Treatment of Acute gouty arthritis:
• Bystry relief is given by colchicine: on 0,5 mg each hour before subsiding of arthritis or before emergence of by-effects (vomiting, a diarrhea), but no more than 6 — 8 mg/days, • Non-steroidal anti-inflammatory drugs (indometacin, an ibuprofen. Naproxenum, piroxicam, сулиндак, but not salicylates) apply usually in high doses and a short course (2 — 3 days). At associated diseases of a liver and kidneys, especially at patients of advanced age, it is necessary to observe extra care.
• Introduction of glucocorticosteroids to a joint cavity at acute gouty arthritis is effective, but extreme morbidity of a joint at gout complicates any manipulations.
• Allopyrinolum is the main drug for normalization of content of uric acid in an organism now, however during a bad attack it is not applied as any fluctuations of concentration of uric acid in blood are capable to prolong a gout attack, Purpose of Allopyrinolum during the poslepristupny period has to be followed by an exception of all risk factors of the gouty attack, in some cases it is recommended 1 — 2-month preventive reception of colchicine in a dose of 1 mg/days. Constant, lifelong reception of Allopyrinolum is the main method of effective treatment of gout and the prevention of the new attacks of acute gouty arthritis. Treatment of secondary gout is possible at elimination of the reason of a hyperuricemia.

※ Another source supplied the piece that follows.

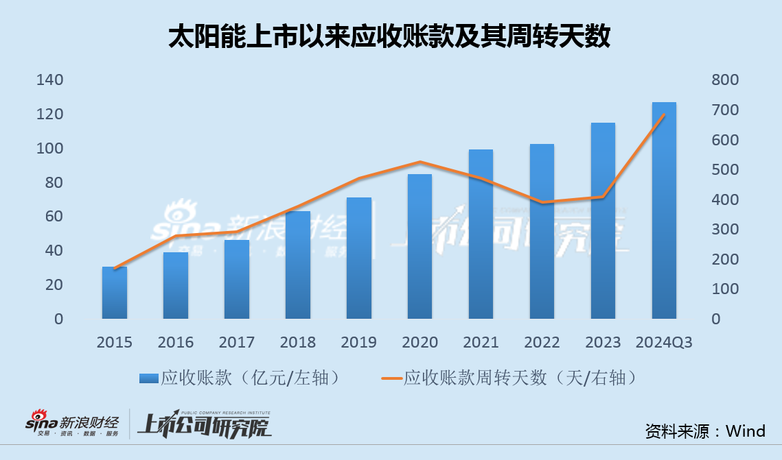 由于下游面对的是大客户,太阳能话语权相对薄弱,自上市以来,公司应收账款和周转天数逐步走高,在2024年前三季度均创下新高,回款问题日益凸显。

In our observations there was a full remission of the gouty attacks to essential reduction of a lithemia or full normalization of an indicator at cancellation of diuretic drugs, refusal of alcohol or removal of lead from an organism by means of complexons (at a saturnite gout).
• The Sredneterapevtichesky dose of Allopyrinolum makes 300 mg/days, as criterion at the choice of a dose serves achievement of level of uric acid in blood of 4 — 5 mg/dl.
Achievement of the target objective of a lithemia is promoted by a low-purine low-calorie diet. In the presence of initial symptoms of a chronic renal failure with increase in level of creatinine to 2 — 3 mg/dl the dose of Allopyrinolum should not exceed 100 mg/days; regular control of level of creatinine in blood is obligatory, at its further increase drug is cancelled.